QATAR’S LNG EXPORTS DISRUPTED FOR 5 YEARS: INDIA’S RESTAURANT INDUSTRY HIT

NEW DELHI, 21 March 2026 : The Iranian strikes on its Gulf neighbours have disrupted about 17 per cent of Qatar’s liquefied natural gas (LNG) export capacity, causing an estimated $20 billion in lost annual revenue, Saad al-Kaabi, Qatar Energy’s CEO and state minister for energy affairs, said.

Those losses have implications ranging from LPG used in restaurants in India to South Korea’s chipmakers, which use helium.

According to al-Kaabi, the repairs will sideline 12.8 million tonnes per year of LNG for three to five years, threatening supplies to European and Asian nations, including China and India.
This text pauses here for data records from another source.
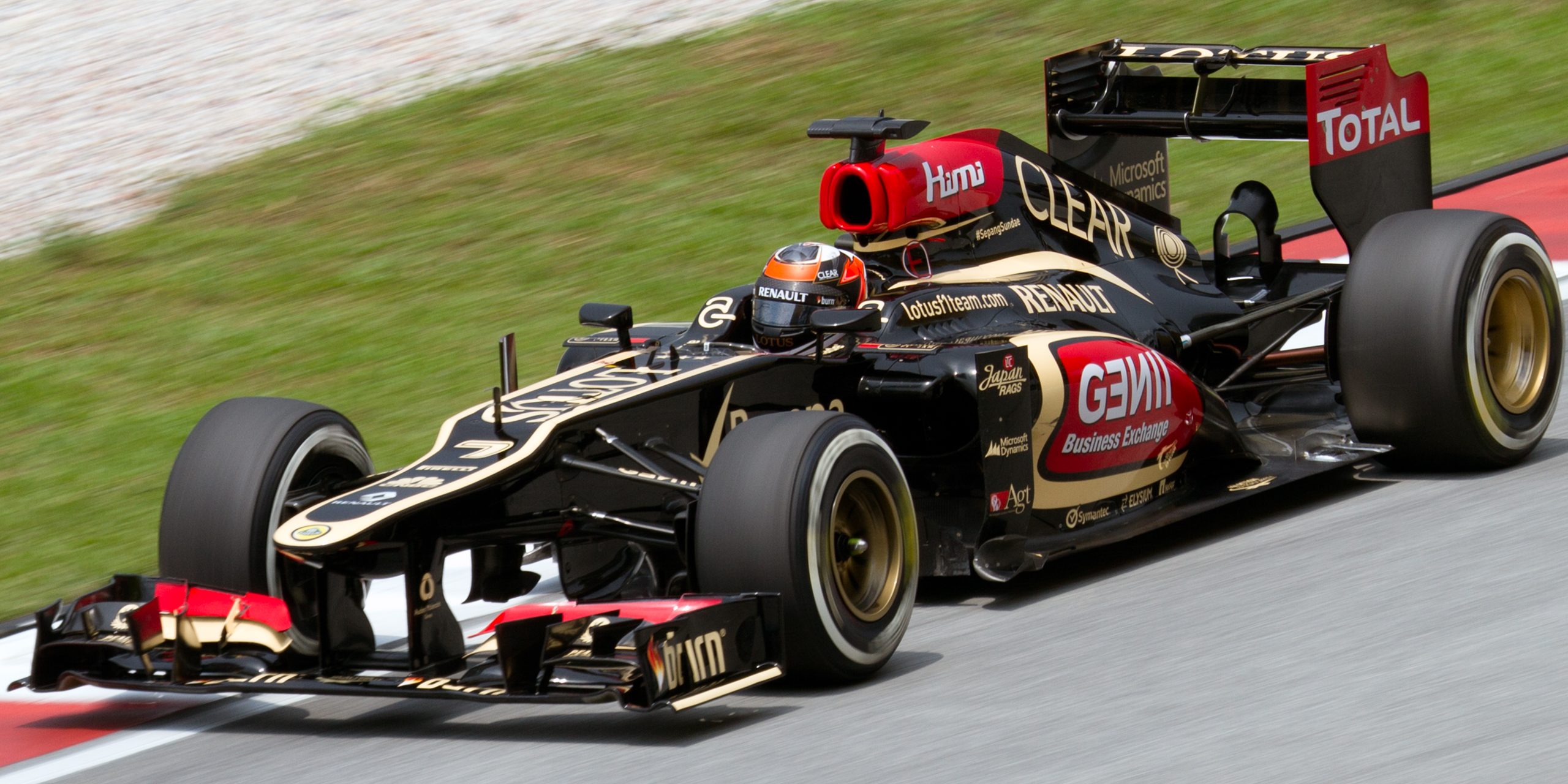 Formula One 2013 Rd.2 Malaysian GP: Kimi Räikkönen (Lotus) during the second practice session on Friday.
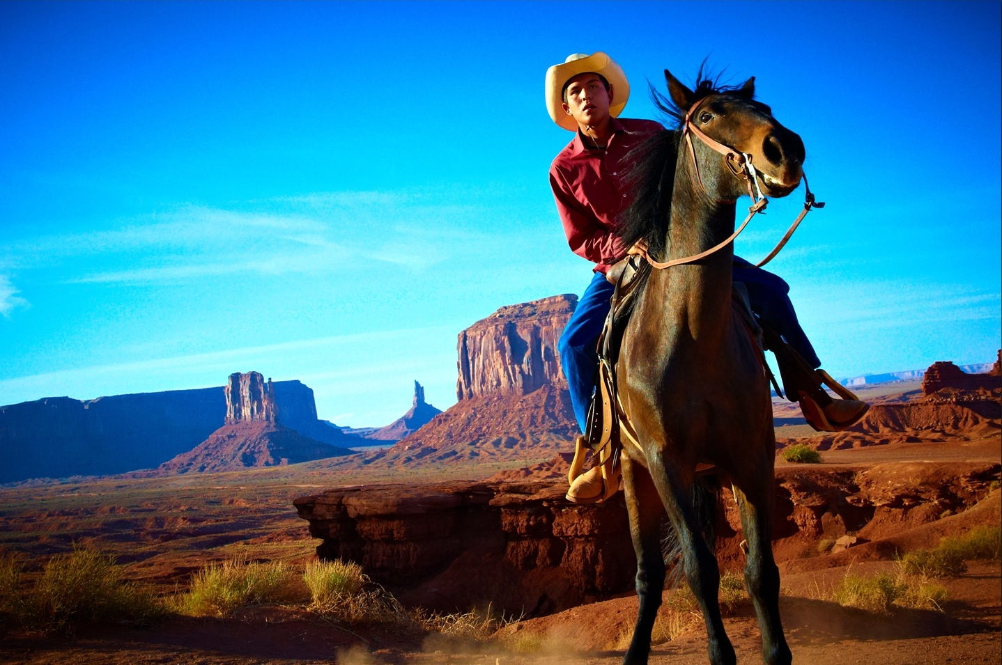 a young man posing and acting on his horse for us in change of a little offer NOTE FOR EDITORIAL/COMMERCIAL USE: In case of editorial/commercial use of this picture, in addition to my permission, a further formal consent from the subject depicted may be eventually needed, for which I may try to provide more info. In this sense, I was allowed by voice to take and eventually use the picture, however a specific written consent is not effectively available. Altenatively, the image could be used by obfuscating or by doing a replacement of the interested image area with different elements or subjects.
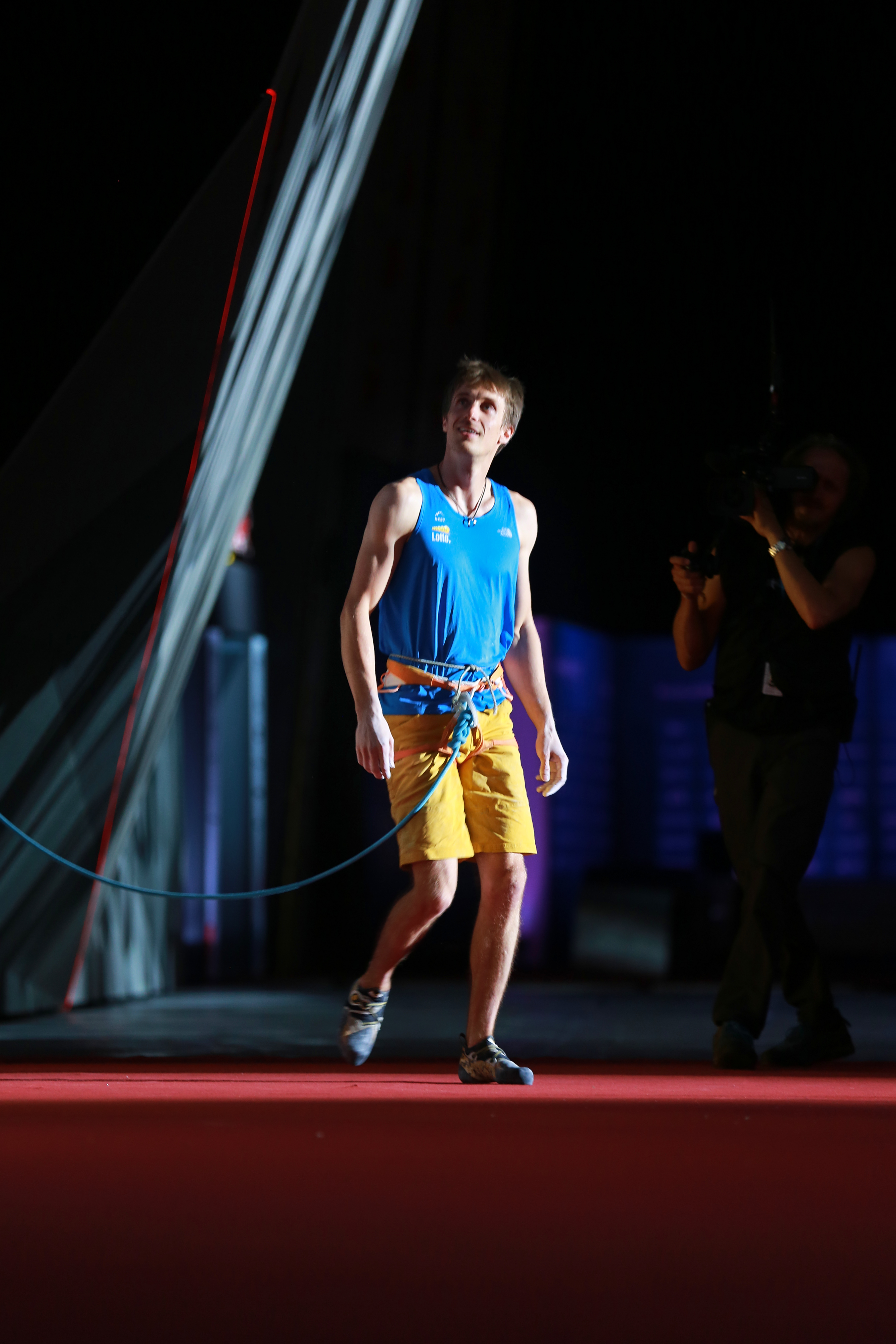 Climbing World Championships 2018 Lead Semi Verhoeven
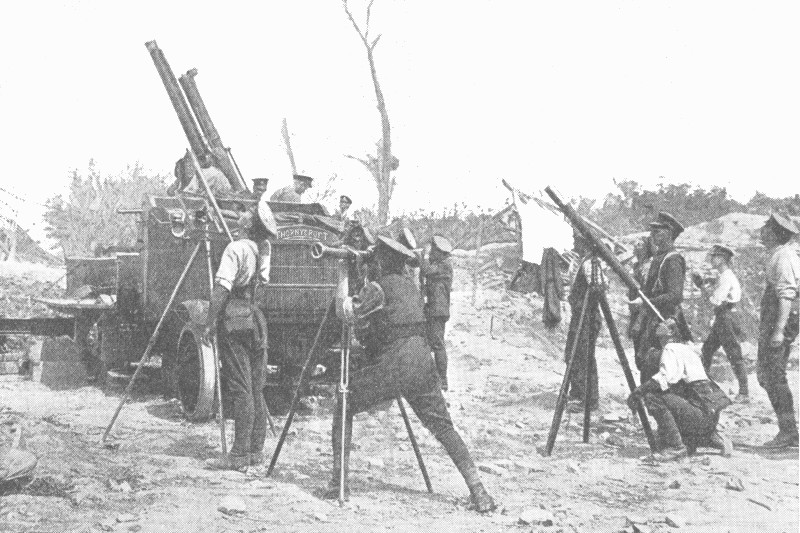 British 13 pounder 9 cwt anti-aircraft gun mounted on Thornycroft Type J lorry. The gunner in the center is operating a Height/Fuse Indicator (HFI) on the tripod. The gunner on the right is operating an Identification telescope on the tripod.
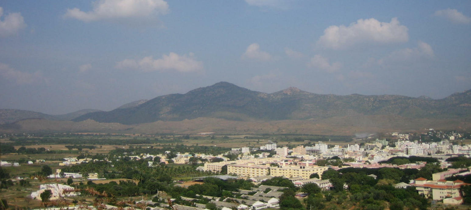 photo of Prashanti Nilayam and surrounding village of Puttaparthi
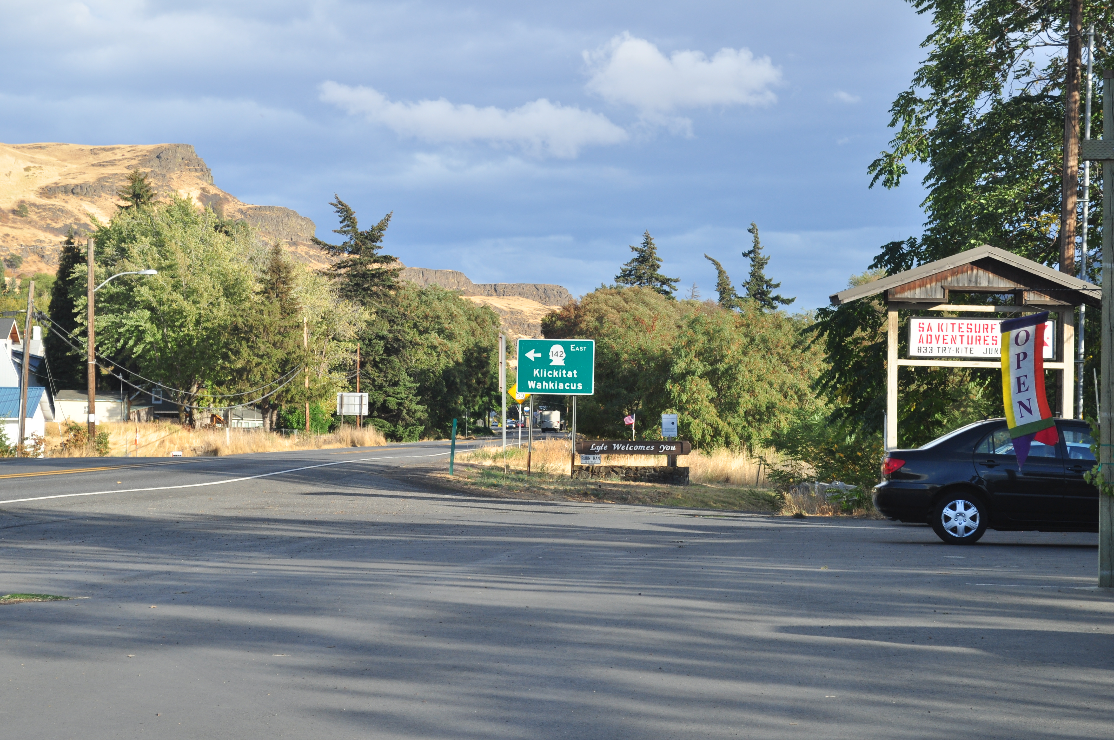 Sign on Washington State Route 14 in Lyle, Washington, U.S., looking east, indicating intersection with Washington State Route 142, which T-junctions there from the north.
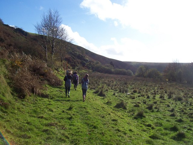 Exmoor : Moorland Exmoor in North Devon
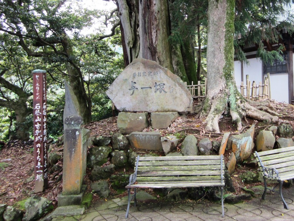 Yoichi-zuka in Odawara, Kanagawa, where Sanada Yoichi, who was killed in the Battle of Ishibashiyama, buried in.
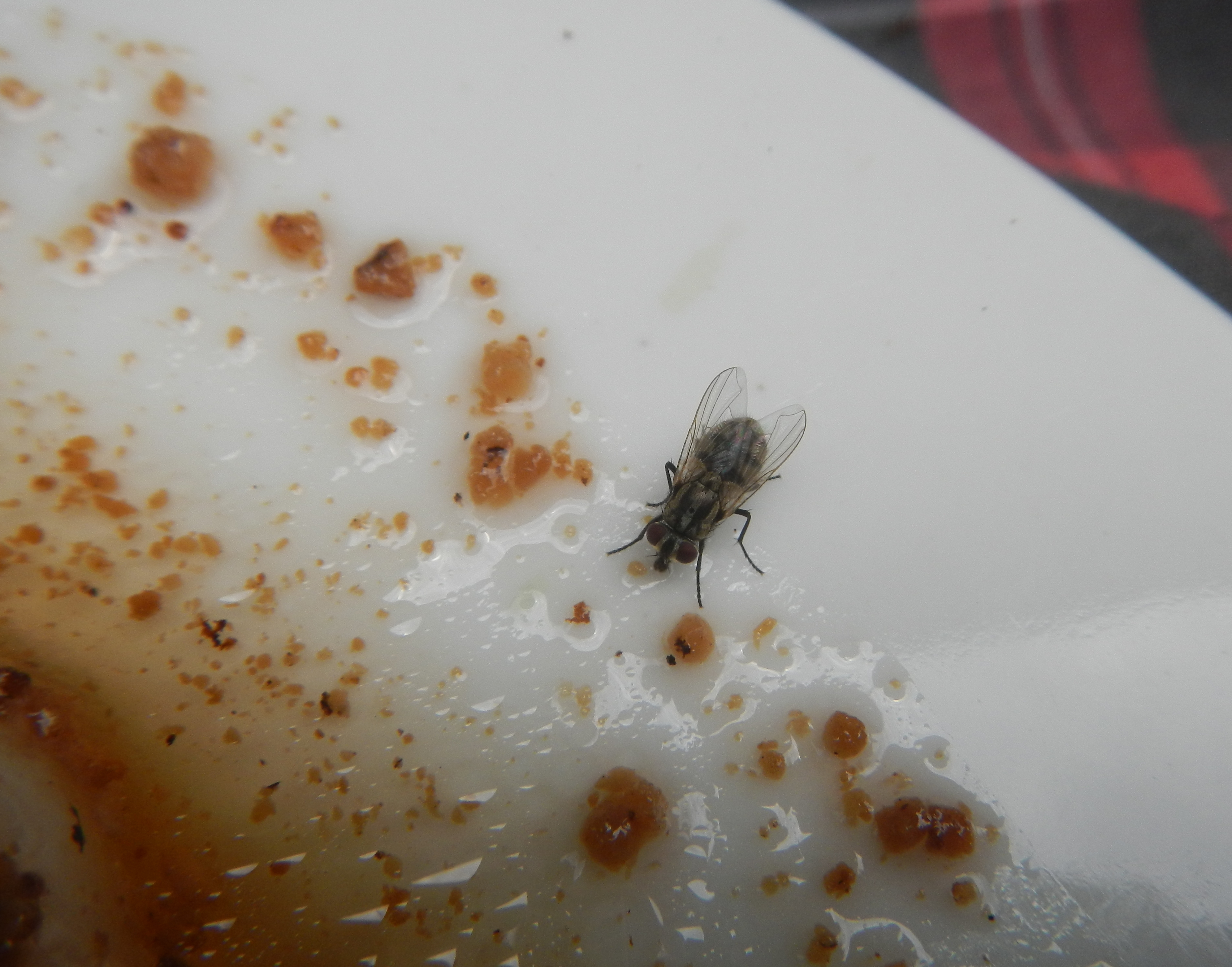 Kakanin Malagkit with common houseflies Common houseflies eating Espasol Palabok Macaroni soup Jollibee products in the Philippines Yacón (Philippines) Potatoes of the Philippines Labanos photos taken in Barangay Poblacion 14°57'17"N 120°54'2"E Baliuag, Bulacan, Bulacan province (Note: Judge Florentino Floro, the owner, to repeat, Donor Florentino Floro of all these photos hereby donate gratuitously, freely and unconditionally all these photos to and for Wikimedia Commons, exclusively, for public use of the public domain, and again without any condition whatsoever).
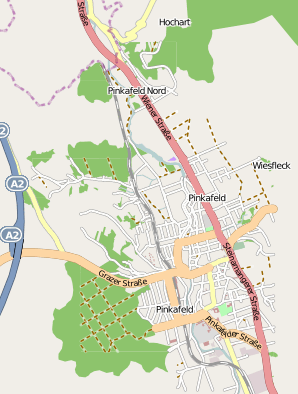 Pinkafeld Overview
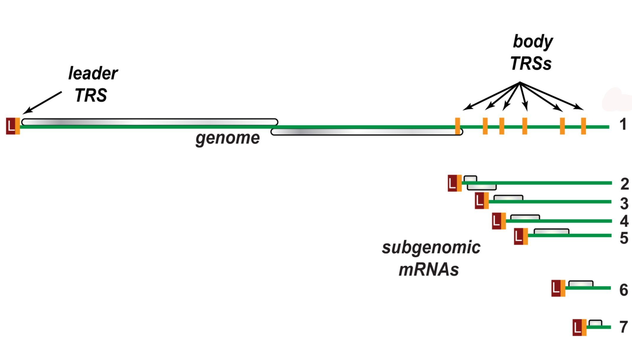 Nested set of subgenomic mRNAs in a nidovirus. The ORFs expressed from the respective mRNAs are shown in gray, and the 5′ leader sequence is depicted in dark red. The orange boxes indicate the positions of transcription-regulating sequences (TRS).
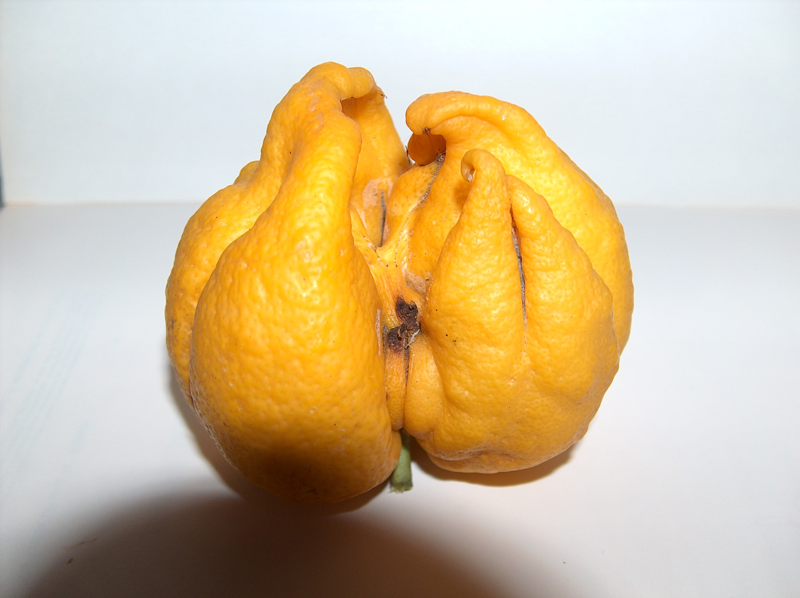 Damage of Aceria sheldoni (Acari: Eriophyidae) on lemon
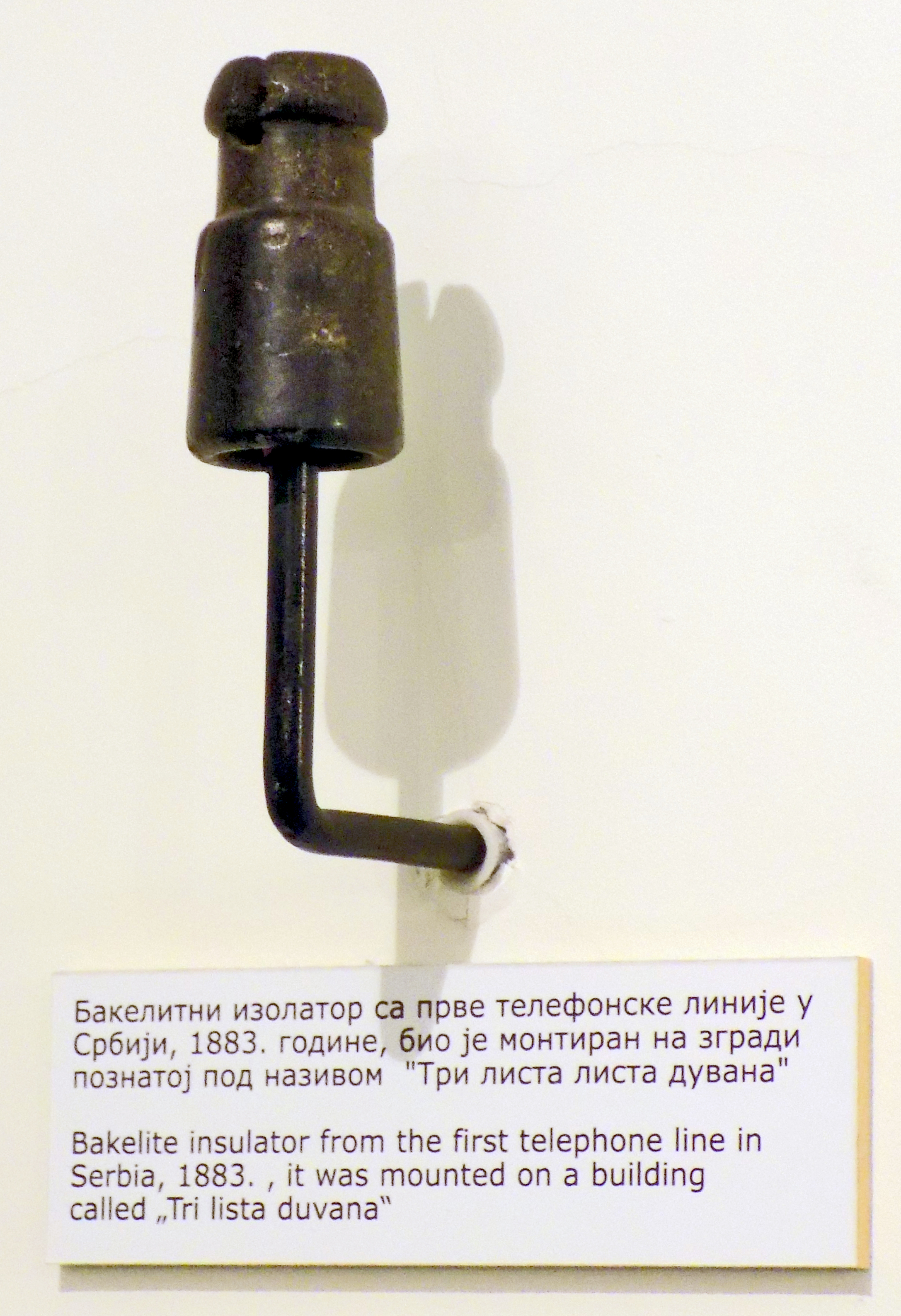 Bakelite insulator from the first telephone line in Serbia, 1883 (It was mounted on a building called Tri lista duvana) - PTT Museum in Belgrade
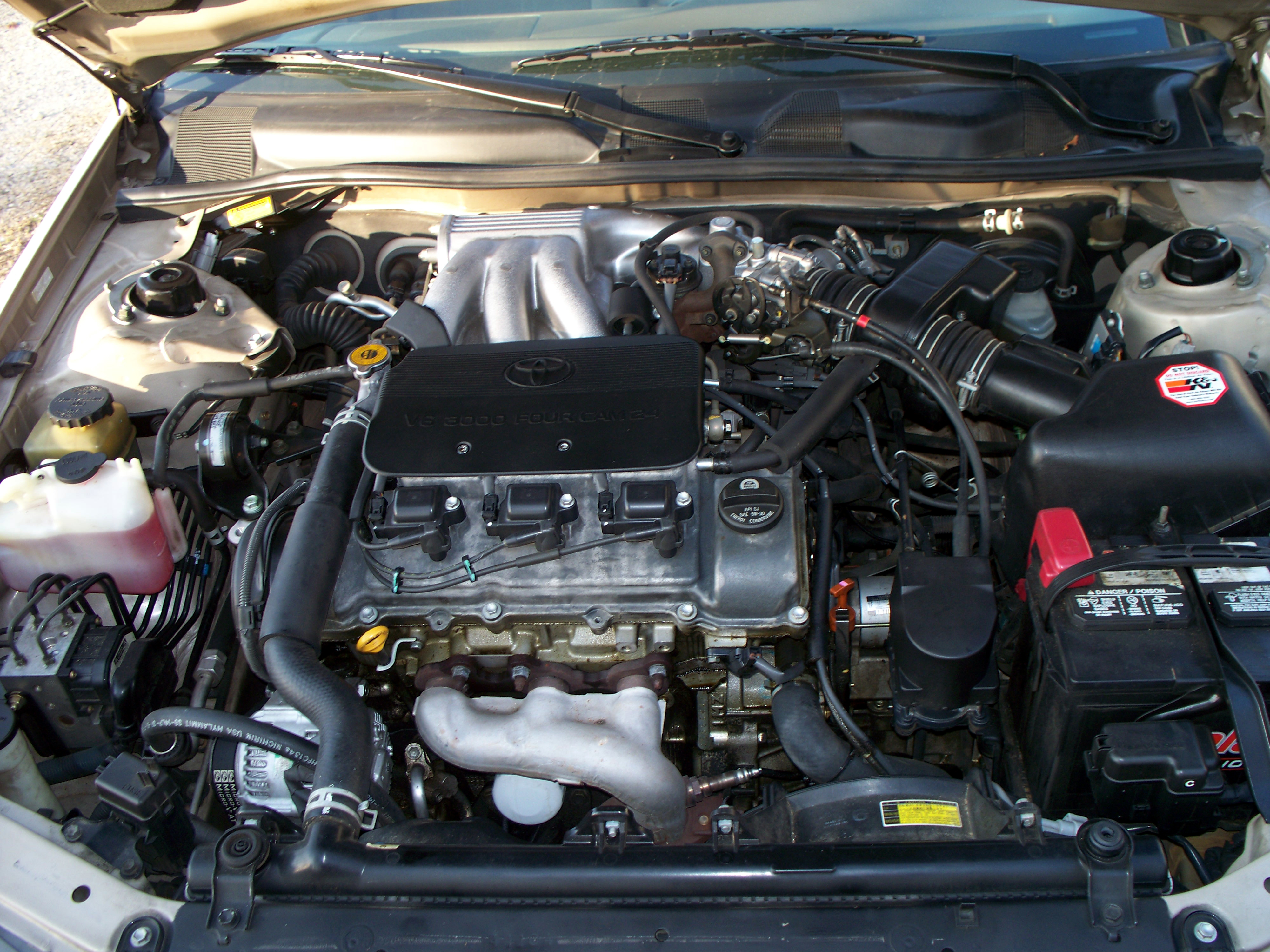 I took this photo. It is of the 1MZ-FE Engine in my 1999 Toyota Camry. I release all Rights.

At least two of Qatar’s 14 LNG trains and one of its two gas-to-liquids (GTL) facilities were damaged in the unprecedented Iranian strikes over the past few days.

“I never in my wildest dreams would have thought that Qatar would be — Qatar and the region — in such an attack, especially from a brotherly Muslim country in the month of Ramadan, attacking us in this way,” al-Kaabi told news agency Reuters.

The state-owned QatarEnergy has said that it will have to declare force majeure on long-term contracts for up to five years for LNG supplies bound for Italy, Belgium, South Korea, and China due to the two damaged trains.

Iran has aimed a series of attacks at Gulf oil and gas facilities after Israeli attacks on its own gas infrastructure. On Wednesday, the turmoil intensified following an Iranian missile attack on Ras Laffan, Qatar’s largest LNG plant, following which QatarEnergy had to declare force majeure on its entire output of LNG.

“For production to restart, first we need hostilities to cease,” al-Kaabi told Reuters.